= Decree of Diopeithes =

Decree in Ancient Greece (c. 434 BCE)

The Decree of Diopeithes was instituted by the opponents of Pericles in an attempt to discredit Anaxagoras, and, through so doing, to discredit Pericles himself through his association with Anaxagoras. The date is not exact, as sources give different years. Some sources list the arrest and trial of Anaxagoras as early as 437/6 BCE, others at 434 BCE, and still others 432. The charges stemmed from his observations of the heavens and asserting that there were no lunar and solar deities.

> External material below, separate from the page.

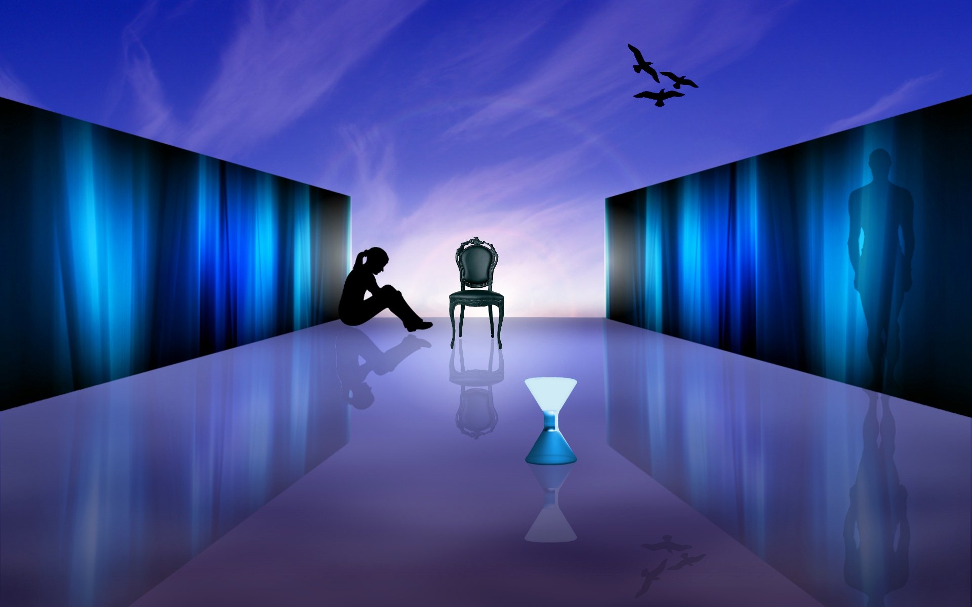 Silueta de una chica solitaria sentada en el Suelo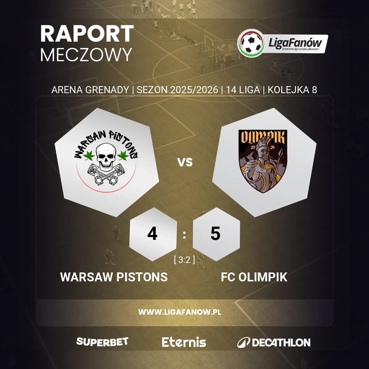Spotkanie pomiędzy zespołami Warsaw Pistons a FC Olimpik zapowiadało się jako niezwykle wyrównane, z uwagi na zbliżoną pozycję obu ekip w tabeli. Lepiej w mecz weszli gospodarze, którzy otworzyli wynik za sprawą trafienia Filipa Reńca. Długo jednak nie cieszyli się z prowadzenia, ponieważ goście szybko doprowadzili do wyrównania.

According to the Oxford Classical Dictionary, the only reference to this decree comes from Plutarch's Pericles:

And Diopithes proposed a decree, that public accusations should be laid against persons who neglected religion, or taught new doctrines about things above, directing suspicion, by means of Anaxagoras, against Pericles himself.
— Plutarch, para. 32

A reference to the trial of Anaxagoras was mentioned by Plato in Apology:

That is an extraordinary statement, Meletus. Why do you say that? Do you mean that I do not believe in the godhead of the sun or moon, which is the common creed of all men?

I assure you, judges, that he does not believe in them; for he says that the sun is stone, and the moon earth.

Friend Meletus, you think that you are accusing Anaxagoras; and you have but a bad opinion of the judges, if you fancy them ignorant to such a degree as not to know that those doctrines are found in the books of Anaxagoras the Clazomenian, who is full of them.